Given data Start Marker
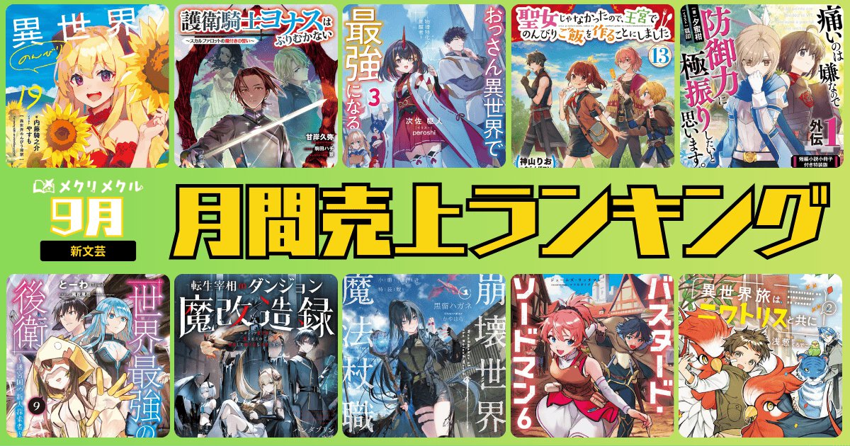 2025年8月26日~2025年9月25日に刊行された、KADOKAWAの新文芸ジャンルの売上ランキング(※KADOKAWA調べ)から、トップ10をお届けします。ランキングを見れば、次に読むべき一冊がきっと見つかる!
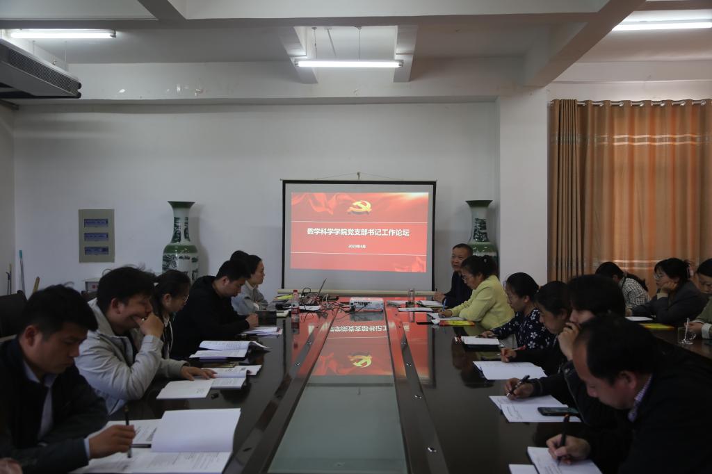 为深入学习贯彻习近平新时代中国特色社会主义思想和党的二十大精神,进一步提升党支部书记的党性修养和党建实务操作能力,4月27日,我院举办党支部书记论坛,院党委书记董朝宗、党委副书记马天天、各党支部委员参加本次论坛,论坛由董朝宗主持。
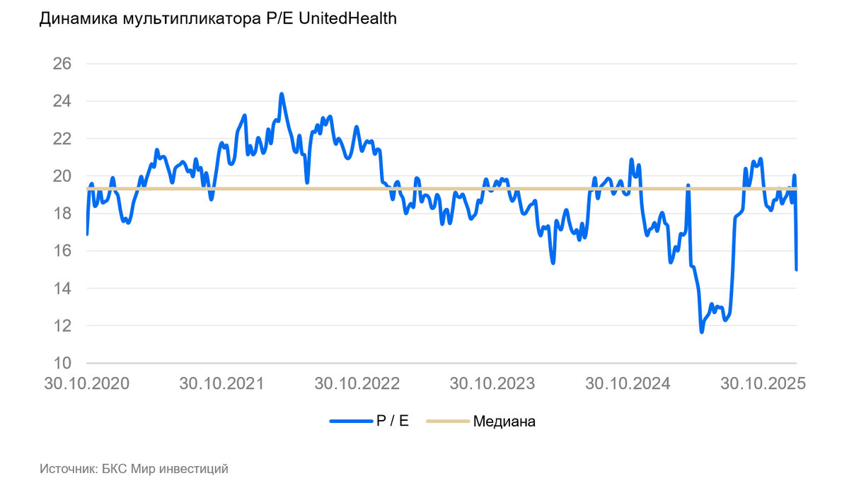 Оценка акций UnitedHealth сейчас выглядит привлекательно. На данный момент бумаги торгуются с P/E около 15,7x, примерно на 20% ниже среднего значения за последние пять лет. На наш взгляд, этот уровень уже отражает значительную часть регуляторных и операционных рисков, связанных с ростом медицинских затрат и неопределенностью по тарифам Medicare Advantage.
Given data End Marker
Exercise aim> Repeat the lines exactly as they stand, from the opening line of the data through the line with "为深入学习贯彻习近平新时代中". Pictures stay out of the copy.

Exercise output>
 2025年8月26日~2025年9月25日に刊行された、KADOKAWAの新文芸ジャンルの売上ランキング(※KADOKAWA調べ)から、トップ10をお届けします。ランキングを見れば、次に読むべき一冊がきっと見つかる!
 为深入学习贯彻习近平新时代中国特色社会主义思想和党的二十大精神,进一步提升党支部书记的党性修养和党建实务操作能力,4月27日,我院举办党支部书记论坛,院党委书记董朝宗、党委副书记马天天、各党支部委员参加本次论坛,论坛由董朝宗主持。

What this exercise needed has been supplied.